Леля посмотрела на Терентьева, и увидела такой знакомый лихорадочный блеск в его глазах. Действие лекарств рассеялось как дым.
– Она пытается добраться и до нее! Она пытается добраться до нее! И Она доберется! Доберется, вот увидишь! Она не успокоится, пока всех не захватит в свою проклятую колоду! – руки его затряслись, он вскочил и стал лихорадочно ходить из угла в угол, словно лев в клетке. – Я должен быть с ними! Я должен их спасти! Только я знаю, что делать!
– Успокойся, успокойся, Володенька, успокойся, – зашептала Леля, встала и обняла тонкими ручками голову Терентьева, а потом, взяв его за руку, мягко усадила рядом с собой. Тихий, нежный, спокойный как летний ветерок голосок Лели, нежные прикосновения ее ласковых рук подействовали успокаивающе. Она взяла голову Терентьева и прижала к своей груди, целуя его в макушку.
– Все будет хорошо, Володенька, все будет хорошо. Я сейчас поеду к Марине и все выясню, со всем разберусь. Господь поможет, Божья Матерь защитит. Теперь у нас все будет хорошо.
– Ты не понимаешь, – уже тихо, сонно и – спокойно проговорил Терентьев, – против нее нет никаких средств.

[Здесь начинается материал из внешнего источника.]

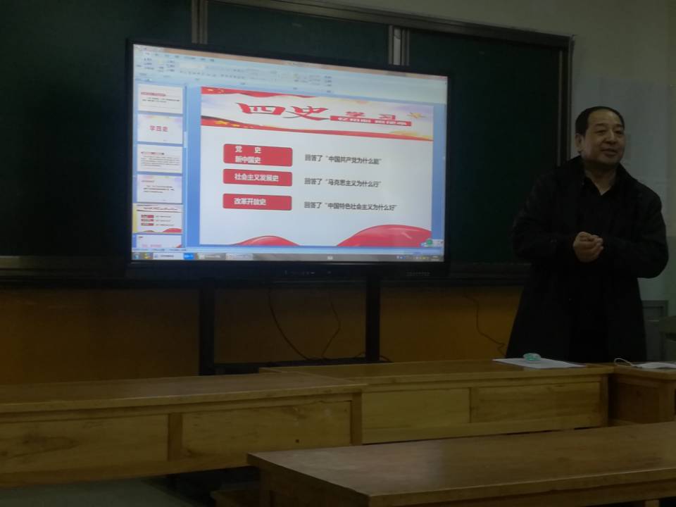 为深入学习贯彻落实习近平总书记关于党史、新中国史、改革开放史、社会主义发展史学习重要讲话和重要指示精神,切实有效推进学院“开学第一课”教育要求,3月5日下午,机电分院邀请学院思政部石巨文老师在机电楼406为分院教师进行培训讲座,机电分院辛延波书记主持活动。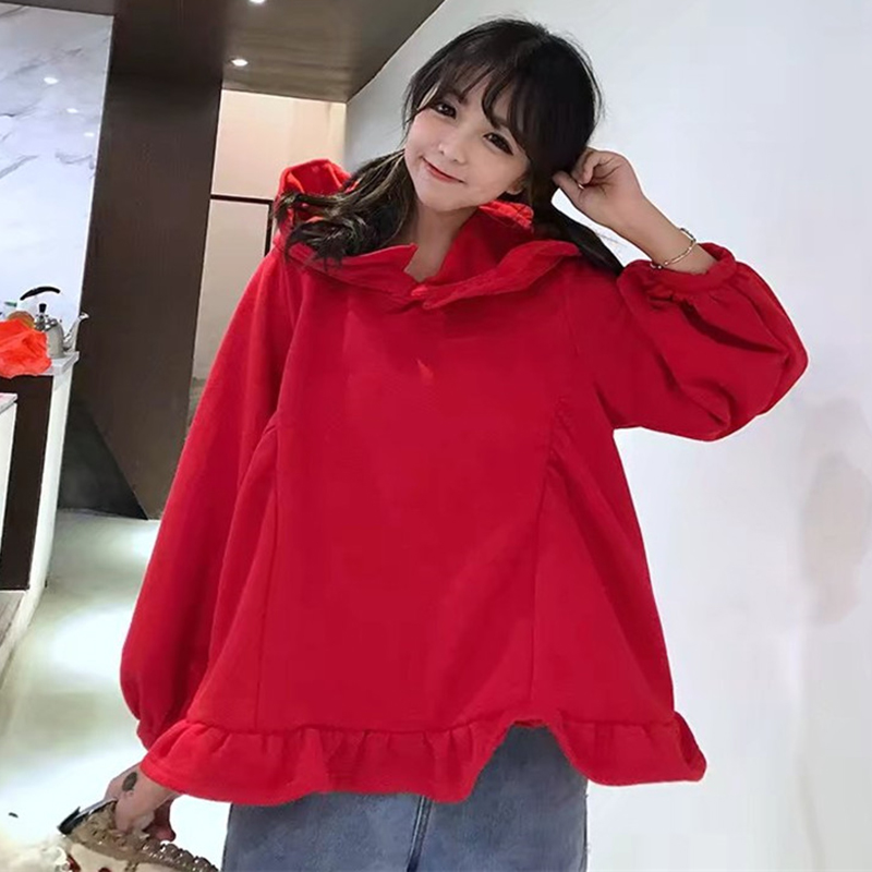 / 可愛少女泡泡長袖加絨衛衣秋冬裝2018新款學生甜美荷葉邊連帽外套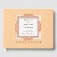 A detailed border, foil design with elegant typography. It is captioned with: Wedding guestbook, the couple’s initials (RS), names (Robert Wisdom & Sarah Thompson), and the date and venue (June 26, 20XX, St. Patrick’s Cathedral). Easily edited and personalized.
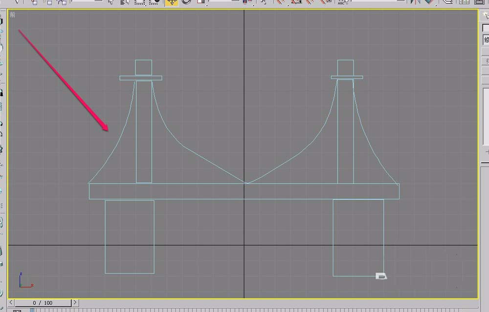 6、在“前”視圖中完整地繪制出吊橋的橫截面。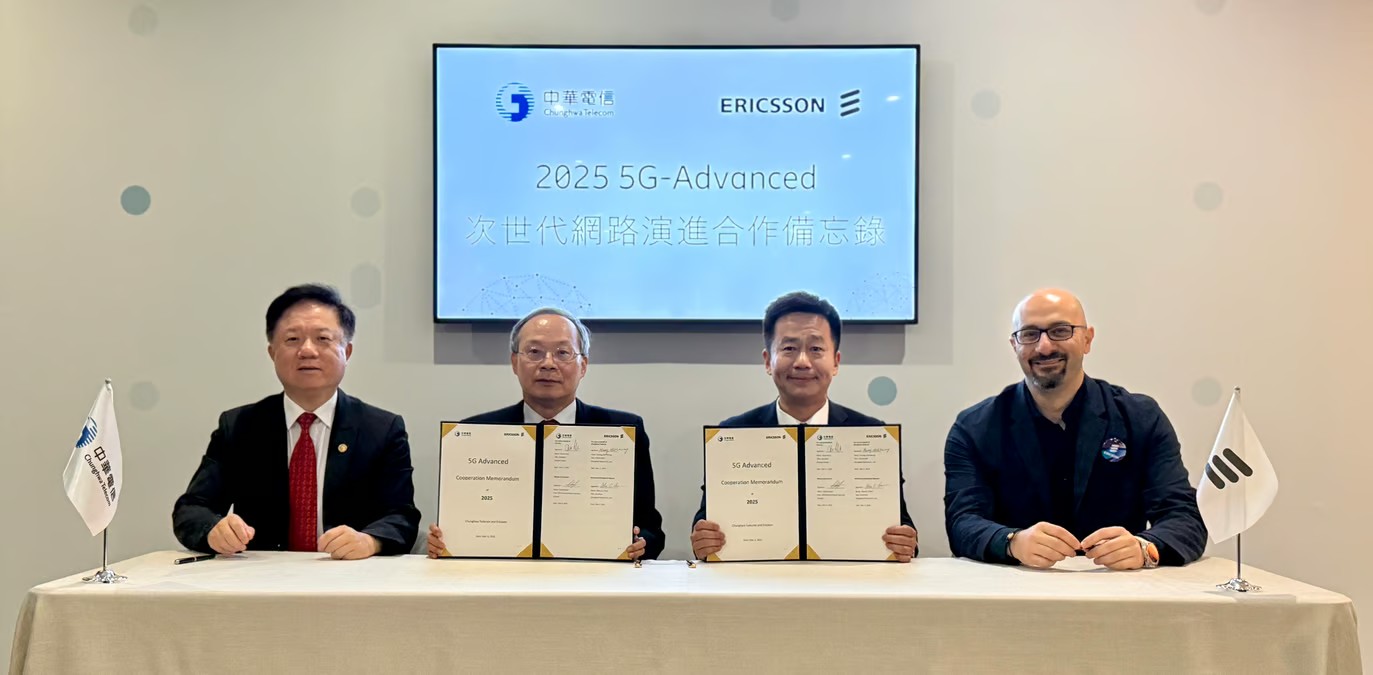 中華電信首席技術(shù)官兼執(zhí)行副總裁黃志雄與愛(ài)立信臺(tái)灣地區(qū)總裁周永明在2025年世界移動(dòng)通信大會(huì)上簽署了諒解備忘錄。中華電信董事長(zhǎng)錢立新、愛(ài)立信東北亞區(qū)總裁兼高級(jí)副總裁Chafic Nassif等人作見(jiàn)證。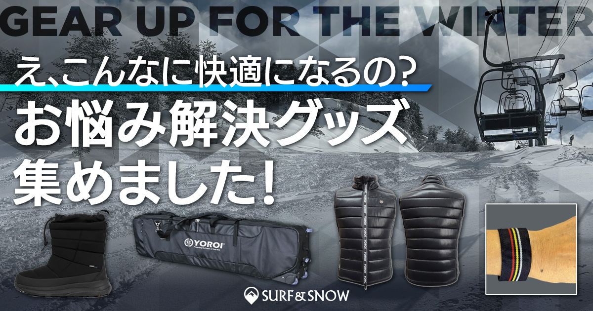 SURF&SNOWユーザーにとって、冬の最大の楽しみのひとつであろうスキー&スノーボード。白銀の世界で過ごす時間は非日常を味わえる最高の時間である一方で、やはり日常とは違う分、苦労することや苦い経験というのもつきものだ。たとえば、「雪国に着いた瞬間、いつもの靴では一歩も外を歩くことができなかった!」、「凍っている路面で転倒し、滑り以外で怪我をしてしまった」、「夢中になって滑った翌日、転倒したダメージで体が痛すぎて動けなかった」、「荷物が多すぎて移動することに疲れてしまった」などなど。
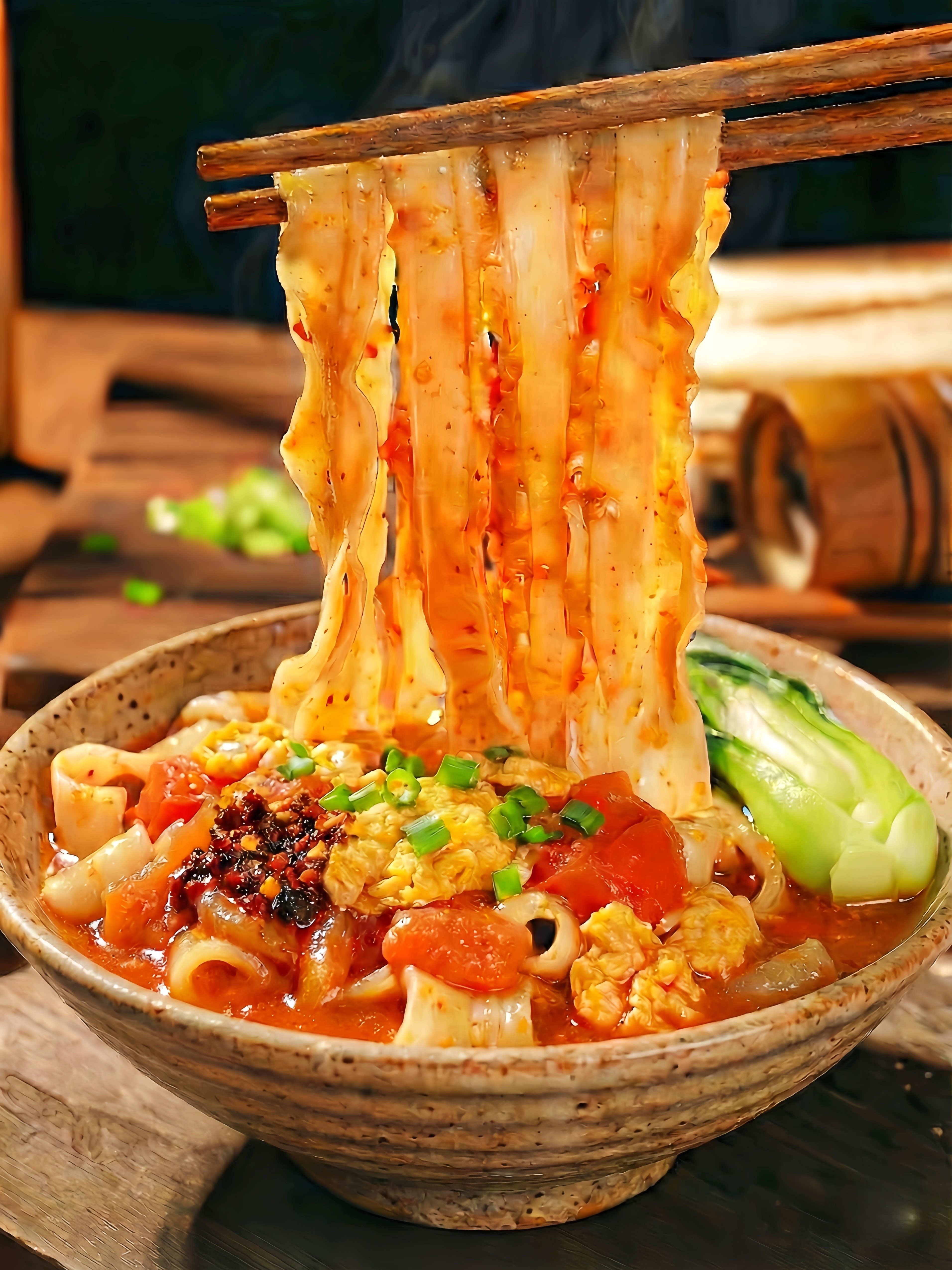 Originating in Shanxi Province during the Ming Dynasty (14th century), knife-shaved noodles have been perfected over centuries by generations of northern Chinese families. Made from high-gluten wheat dough and often paired with thinly sliced beef or chicken, this dish embodies hearty, down-to-earth northern flavors.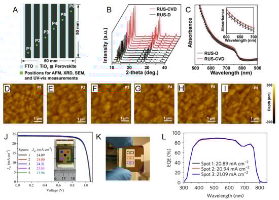 (A) Schematic drawing showing the six positions for the XRD, UV–vis measurements, and AFM carried out on perovskite films prepared through RUS-D and RUS-CVD methods. (B) XRD pattern of the six intentionally selected points. (C) UV–vis absorbance spectra of the six intentionally selected points. (D–I) AFM images of the six intentionally selected points. Reprinted from Ref. [12] with permission from Wiley-VCH. (J) Photovoltaic parameters from five different spots with an aperture area of 0.16 cm2 were selected from the total active area of 1.2 × 1.2 cm2 under standard AM 1.5 G illumination. Reprinted from Ref. [38] Copyright 2016, Science. (K,L) EQE spectra from three different spots on a large-area (>1-cm2) cell. Reprinted from Ref. [39]. Copyright 2017, Springer Nature.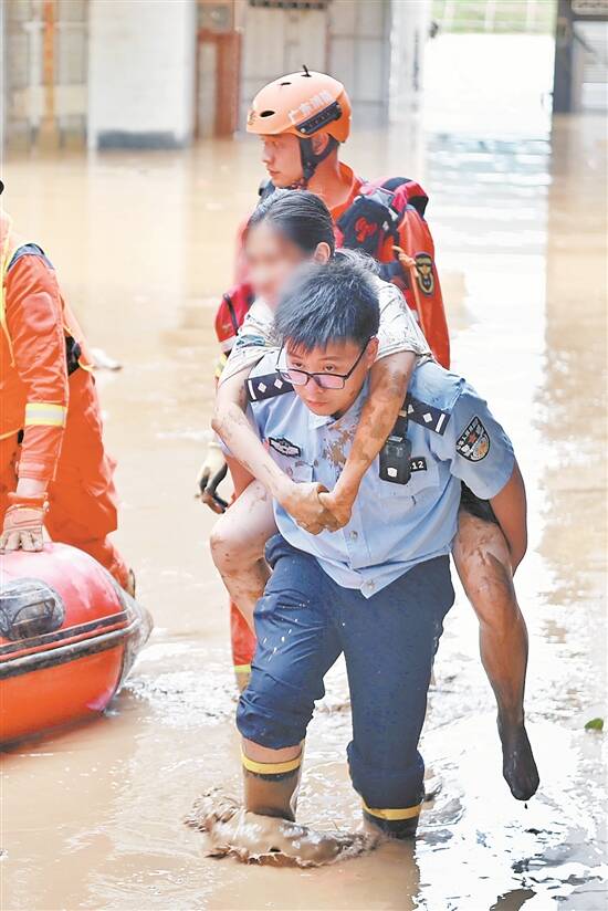 梅州蕉岭县,公安民警转移受困群众 通讯员 何志林 摄

Ее нельзя убить, она и так давно мертва, от нее нельзя убежать, она настигнет везде...
– Но ведь вы как-то спаслись, в заброшенной усадьбе?
– Да, мы начертили круг мелом...
– У меня есть идея получше, – твердо сказала Леля и отняла голову Терентьева от груди. – Но про мел – тоже пригодится. Я скоро, Володенька.
– Как? Скоро? А я??? Я должен быть с тобой! Я не отпущу тебя к этой Гингеме одну! – Терентьев вскочил, но встала и Леля – и посмотрел на него взглядом, выражающим твердую, непоколебимую решимость.